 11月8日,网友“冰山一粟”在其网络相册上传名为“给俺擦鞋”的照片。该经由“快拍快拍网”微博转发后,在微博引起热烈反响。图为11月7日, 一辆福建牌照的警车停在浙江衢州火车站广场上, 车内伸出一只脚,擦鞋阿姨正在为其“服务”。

┄┄┄┄┄┄┄┄┄┄┄┄┄┄┄┄┄┄┄┄

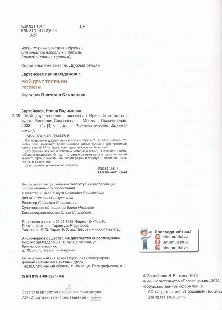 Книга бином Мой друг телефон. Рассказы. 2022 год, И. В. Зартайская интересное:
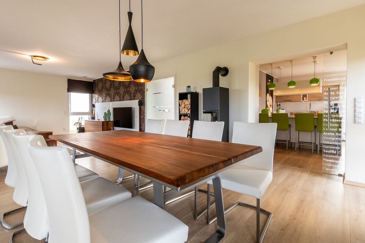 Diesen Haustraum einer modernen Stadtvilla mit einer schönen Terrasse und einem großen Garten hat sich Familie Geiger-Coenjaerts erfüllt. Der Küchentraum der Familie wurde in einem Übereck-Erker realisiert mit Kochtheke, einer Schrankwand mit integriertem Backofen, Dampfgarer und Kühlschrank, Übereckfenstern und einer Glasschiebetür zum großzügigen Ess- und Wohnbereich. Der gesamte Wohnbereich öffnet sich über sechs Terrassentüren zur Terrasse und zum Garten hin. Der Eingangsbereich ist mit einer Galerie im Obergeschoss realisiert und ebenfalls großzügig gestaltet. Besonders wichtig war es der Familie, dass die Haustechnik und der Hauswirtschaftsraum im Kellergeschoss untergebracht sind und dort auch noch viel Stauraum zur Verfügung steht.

┄┄┄┄┄┄┄┄┄┄┄┄┄┄┄┄┄┄┄┄

Reproduce the listing above from the line that holds "Книга бином Мой" through the line that holds "Diesen Haustraum einer", both included, with the pictures left out.

▶ Task solution
 Книга бином Мой друг телефон. Рассказы. 2022 год, И. В. Зартайская интересное:
 Diesen Haustraum einer modernen Stadtvilla mit einer schönen Terrasse und einem großen Garten hat sich Familie Geiger-Coenjaerts erfüllt. Der Küchentraum der Familie wurde in einem Übereck-Erker realisiert mit Kochtheke, einer Schrankwand mit integriertem Backofen, Dampfgarer und Kühlschrank, Übereckfenstern und einer Glasschiebetür zum großzügigen Ess- und Wohnbereich. Der gesamte Wohnbereich öffnet sich über sechs Terrassentüren zur Terrasse und zum Garten hin. Der Eingangsbereich ist mit einer Galerie im Obergeschoss realisiert und ebenfalls großzügig gestaltet. Besonders wichtig war es der Familie, dass die Haustechnik und der Hauswirtschaftsraum im Kellergeschoss untergebracht sind und dort auch noch viel Stauraum zur Verfügung steht.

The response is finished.